Shifting Gears

Well, I’ve lost a little regularity to my posting. In truth, I’ve reflected a lot on what I wrote in Confessions of a Boardgame Potato. I realized I was sinking entirely too much time into the boardgame sidelines… it really was obsessive. Unbelievably, I’ve broken out of the addiction and centered my attentions on another area, namely my career.

I’ve been a software developer for some time and have learned tons by the tail end of each project. In retrospect I’m always critiquing myself and thinking, “Now why did I do it that way?!” Periodically, I rediscover my passion for coding and learning the lastest technologies and best practices. In truth, I find it tiring how many times technology overtakes me and requires me to learn an entirely new set of skills. (It’s exciting too, but a two-edged sword nevertheless.) While much of the applied knowledge carries forward, the latest technological fads begin their demise within 5-7 years. I was late into web development. About 5 years ago I taught myself ASP, now Classic ASP–see what I mean!–and then not long ago Microsoft released .NET and ASP.NET. I adopted C# fairly early and began developing a large .NET application, but no ASP.NET. It’s only recently that I find myself required to learn ASP.NET if I wish to be eligible for contracting work in the Harrisburg, PA area.

Actually, when I got my first collection of .NET books several years ago I did get the Wrox Professional ASP.NET title too. My workload at the time demanded desktop software, and so I procrastinated with ASP.NET. At one point perhaps a year and a half ago I began reading the book and doing some of the practice exercises and learned a little, but–fast foward to today–it didn’t stick. Today I’m devoted to tooling up. I purchased the successor title Professional ASP.NET 2.0 as we’re already in the next iteration and I’m trying to absorb the whole of it. (By stacking both books I can use them to look over my neighbor’s fence!) Let me tell you comparing ASP.NET to Classic ASP is like comparing a whale to a salmon. Microsoft by holding nothing back likes to create sophisticated and robust technologies (often bloated) that require stirrups with which to climb.

I mean, why for goodness sake do I have to install an IDE, specifically Visual Studio Web Developer Express 2005, that take nearly a gig of my harddisk!? An IDE should fade into the background allowing me to concentrate on the work at hand without impediment. Instead, I find that as I switch between tabs/views it sometimes takes 30 seconds for VS to get its wits about itself and allow me to begin keying code. I’ve always been a by-hand coder who avoids WYSIWYG and drag-and-drop development. It pains me that the IDE I use hogs so much memory that my machine chugs to keep up. Why must maturing software snowball so? Who wants that!? Really! I’ve learned that more is gained by simplifying, taking away rather than adding. This holds true in writing and in software design.

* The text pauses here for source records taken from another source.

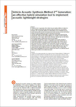 Vehicle Acoustic Synthesis Method 2nd Generation: an effective hybrid simulation tool to implement acoustic lightweight strategies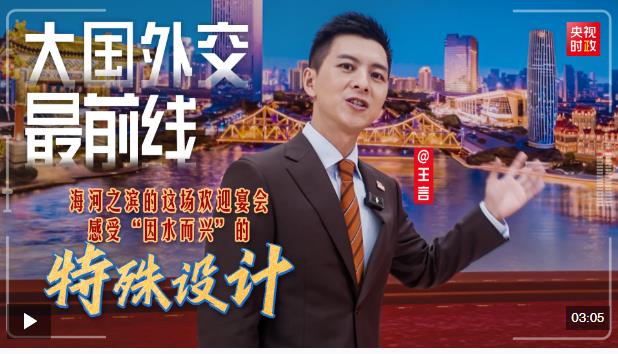 天津依河傍海,自古便是連接南北、溝通中西的樞紐,而走過24載的上合組織,成立于黃浦江畔、聚首在海河之濱。在歡迎宴會(huì)現(xiàn)場,“大國外交最前線”也注意到了一個(gè)“因水而興”的特殊設(shè)計(jì),一起去看一看吧!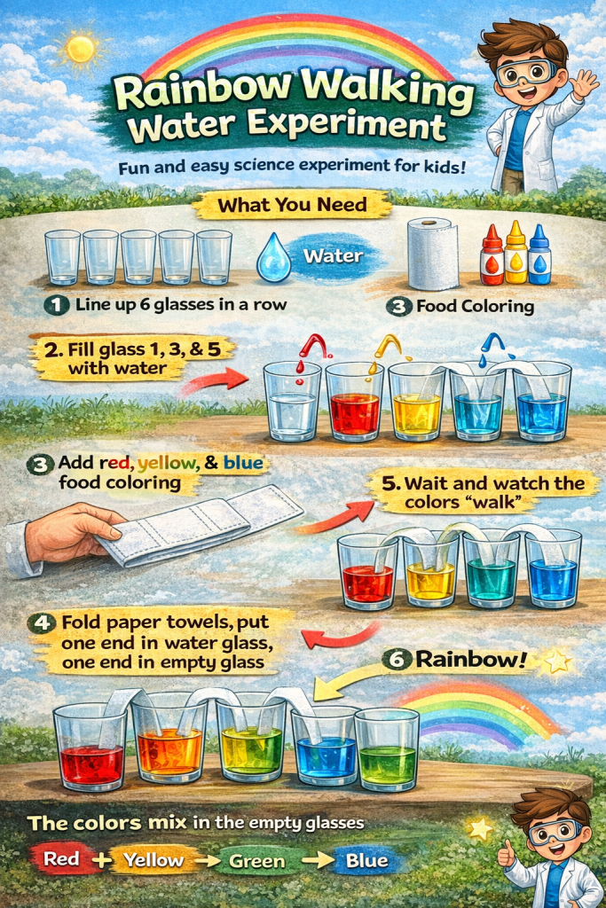 The rainbow walking water experiment shows how water moves through paper towels using capillary action and mixes colors.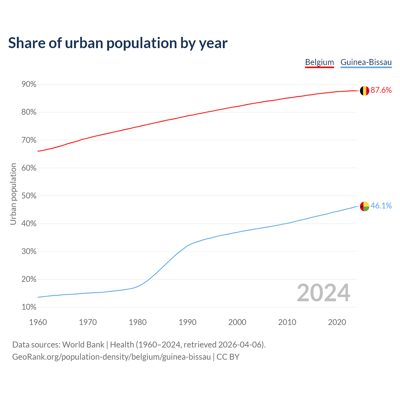 From 2004 to 2024, the share of urban population changed from 83.3% to 87.6% in Belgium and from 38.1% to 46.1% in Guinea-Bissau.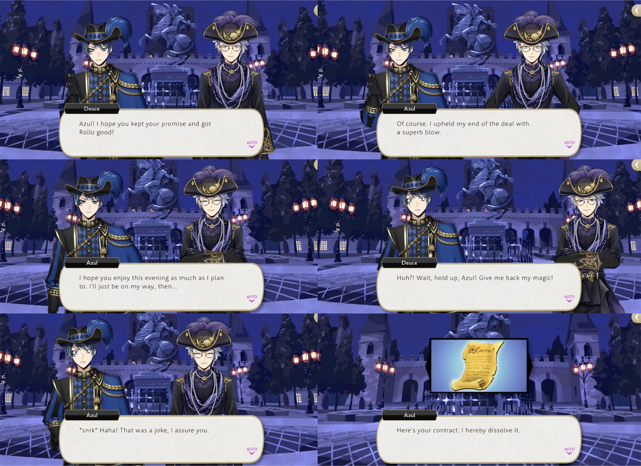 At the end of the event Azul teases Deuce, pretending to excuse himself from the scene without returning Deuce’s unique magic. Azul ultimately does dissolve the contract, and Deuce admits he had been worried that Azul had intended to keep the spell.

I just want a simple environment with the few handy tools (like IntelliSense) that matter most to me.

How many times have you slapped your hand to your forehead when you double-clicked a file only to realize that you’d have to wait 25-45 seconds for the associated app to load? I’ve learned to associate lean apps like Notepad 2 to file types so that I can enjoy immediate load times. I mean, why have a tank roll up to kill a fly; just pick up the fly swatter and be done with it!

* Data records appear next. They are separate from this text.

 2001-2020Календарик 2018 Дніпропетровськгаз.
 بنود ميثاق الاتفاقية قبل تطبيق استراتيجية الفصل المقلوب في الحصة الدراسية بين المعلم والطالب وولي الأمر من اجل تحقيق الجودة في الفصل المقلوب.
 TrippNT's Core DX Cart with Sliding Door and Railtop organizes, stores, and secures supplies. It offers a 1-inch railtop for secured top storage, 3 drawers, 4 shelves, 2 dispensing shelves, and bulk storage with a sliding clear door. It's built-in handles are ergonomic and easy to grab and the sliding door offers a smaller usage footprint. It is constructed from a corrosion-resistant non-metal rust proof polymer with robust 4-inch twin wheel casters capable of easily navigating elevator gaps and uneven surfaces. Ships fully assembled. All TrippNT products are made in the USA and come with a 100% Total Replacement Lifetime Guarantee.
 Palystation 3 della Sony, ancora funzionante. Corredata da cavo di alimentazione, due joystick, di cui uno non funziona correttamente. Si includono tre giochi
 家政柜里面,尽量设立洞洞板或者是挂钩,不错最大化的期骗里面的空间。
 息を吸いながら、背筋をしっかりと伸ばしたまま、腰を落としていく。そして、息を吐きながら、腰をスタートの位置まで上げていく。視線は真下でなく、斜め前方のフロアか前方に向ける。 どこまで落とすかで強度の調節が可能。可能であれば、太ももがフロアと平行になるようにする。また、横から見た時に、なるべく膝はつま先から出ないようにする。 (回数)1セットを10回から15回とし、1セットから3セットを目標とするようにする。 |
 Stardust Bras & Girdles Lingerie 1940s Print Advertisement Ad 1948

So, I’m learning ASP.NET and I’m wishing I had the freedom to choose my technologies. Trouble is my area demands almost exclusively Microsoft and Java developers. Goverments and organizations for which consultants develop have their own people to whom completed applications will be handed for ongoing maintenance. This demands that the technological platforms align with the skills of their people. Even if I told a client I could develop their desired application using Ruby on Rails in one fifth the time, that wouldn’t fly. They’d have no one on staff with which to support the application once I left.

That brings me to Ruby on Rails. Interesting stuff! What I liked most about it is that it closely aligns with the design practices I grew into when creating ASP web apps. Although I hadn’t learned the technological jargon until later my web apps used elements of the MVC architecture. I adopted the “convention over configuration” ideology. I separated my concerns. Unfortunately, the homegrown framework I developed wasn’t designed with forethought and a plan. It started as a seedling and grew and grew until it produced its own unique kind of tree. It was useful for the rapid developing of web apps that adhered to my conventions. Those conventions became so ingrained in the framework that specialized configuration was difficult to impossible. It’s the whole idea that software evolves. You start with a little something and a little knowledge and you paint and paint until you find you’re in a corner. And then you start over and do it right or as close to right as you can. From what I’ve learned, Rails is this right thing of which I speak.

I have been devoted to learning first ASP.NET (for professional purposes) and then Ruby on Rails (for personal purposes). This along with the other demands of life has kept me quite busy, and that’s not even including AJAX which I’ve already decided is essential. It’s an elephant I’m eating one bite at a time.